Project-Based Learning Philosophy

The department strongly believes in project-based learning as a means to enhance practical understanding and foster innovation among students. The curriculum includes both mini-projects and a final-year capstone project that allow students to apply theoretical knowledge to real-world scenarios.

Mini-Projects

In the third year, students work on a mini-project under faculty guidance. These projects are typically focused on specific areas such as drug synthesis, formulation development, or analytical method validation. The scope is broad, enabling students to explore their interests while gaining valuable experience.

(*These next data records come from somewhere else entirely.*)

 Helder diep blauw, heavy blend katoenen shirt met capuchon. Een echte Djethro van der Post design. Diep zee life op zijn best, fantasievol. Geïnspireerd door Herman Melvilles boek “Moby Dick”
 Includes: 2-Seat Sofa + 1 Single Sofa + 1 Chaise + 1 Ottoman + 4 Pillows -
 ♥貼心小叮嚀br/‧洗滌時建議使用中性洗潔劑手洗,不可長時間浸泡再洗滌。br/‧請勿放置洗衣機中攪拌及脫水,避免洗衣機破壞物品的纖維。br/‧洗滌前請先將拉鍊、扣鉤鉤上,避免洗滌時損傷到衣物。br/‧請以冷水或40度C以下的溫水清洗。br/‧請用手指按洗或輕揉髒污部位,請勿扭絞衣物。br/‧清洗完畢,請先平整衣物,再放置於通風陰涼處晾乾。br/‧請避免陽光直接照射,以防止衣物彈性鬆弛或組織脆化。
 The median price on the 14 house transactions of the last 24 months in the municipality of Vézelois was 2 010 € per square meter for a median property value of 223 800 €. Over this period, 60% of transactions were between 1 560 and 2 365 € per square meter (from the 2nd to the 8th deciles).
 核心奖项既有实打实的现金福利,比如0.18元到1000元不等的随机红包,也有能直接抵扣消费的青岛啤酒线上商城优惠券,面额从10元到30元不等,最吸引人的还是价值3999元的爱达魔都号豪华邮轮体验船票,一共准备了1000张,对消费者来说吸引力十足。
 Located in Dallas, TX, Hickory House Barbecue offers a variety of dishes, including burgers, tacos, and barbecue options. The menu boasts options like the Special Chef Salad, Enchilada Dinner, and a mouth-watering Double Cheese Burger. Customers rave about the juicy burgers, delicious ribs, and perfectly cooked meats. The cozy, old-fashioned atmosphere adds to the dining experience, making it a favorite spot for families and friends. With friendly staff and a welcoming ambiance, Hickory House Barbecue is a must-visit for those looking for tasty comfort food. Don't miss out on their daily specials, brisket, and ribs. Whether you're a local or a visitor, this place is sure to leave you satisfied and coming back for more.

Final-Year Thesis/Capstone Project

The final-year capstone project provides an opportunity for students to conduct in-depth research on a topic of interest. Students collaborate closely with faculty mentors and often work with industry partners or research institutions. The project culminates in a presentation and defense before an evaluation panel, showcasing the student's ability to contribute meaningfully to the field.